A Corporação Financeira de Reconstrução (RFC), de propriedade federal, fez algo semelhante quando financiou grande parte do New Deal e da Segunda Guerra Mundial com a venda de títulos. Esse dinheiro foi então usado para empréstimos para construir infra-estrutura de todo tipo e financiar a guerra. De acordo com um relatório do Tesouro dos EUA intitulado Relatório final da Corporação Financeira de Reconstrução (Government Printing Office, 1959), o RFC emprestou ou investiu mais de US $ 40 bilhões da 1932 à 1957 (os anos de sua operação). Por algumas estimativas, a soma foi de cerca de US $ 50 bilhões. Uma pequena parte disso veio de sua capitalização inicial. O restante foi emprestado - US $ 51.3 bilhões do Tesouro dos EUA e US $ 3.1 bilhões do público. O RFC financiou estradas, pontes, represas, agências dos correios, universidades, energia elétrica, hipotecas, fazendas e muito mais, ao mesmo tempo que gerava dinheiro para o governo. Em suas funções normais de empréstimo (omitindo coisas como doações extraordinárias para tempo de guerra), acabou ganhando um lucro líquido total de $ 690 milhões.

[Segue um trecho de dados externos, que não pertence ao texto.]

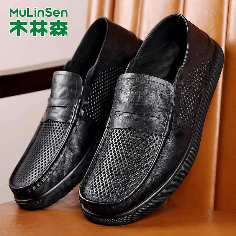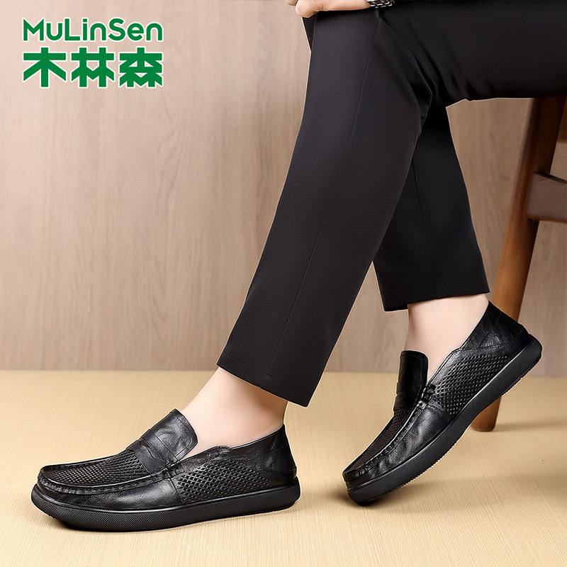 木林森男鞋2025新款春秋季透气软底豆豆鞋子男士百搭休闲一脚蹬鞋

Dakota do Norte liderou o caminho ao demonstrar como um estado pode impulsionar uma economia em declínio mantendo suas receitas em seu próprio banco estatal, usando-as para gerar crédito para o Estado e seus cidadãos, contornando o torniquete no fluxo livre de crédito imposto por bancos privados de fora do estado. Califórnia e outros estados poderiam fazer o mesmo. Eles poderiam criar empregos, restaurar a propriedade imobiliária, reconstruir a infraestrutura e geralmente estimular suas economias, enquanto geram dividendos substanciais para o estado, sem aumentar os níveis de endividamento ou arriscar fundos públicos - e sem custar aos contribuintes um centavo.

Sobre o autor

marrom ellenEllen Brown é uma advogada, fundadora da Instituto Bancário Público, e autor de doze livros, incluindo o best-seller Web da Dívida. em A solução Public Bank, Seu mais recente livro, ela explora modelos bancários pública bem-sucedidos historicamente e globalmente. Sua 200 + artigos do blog estão em EllenBrown.com.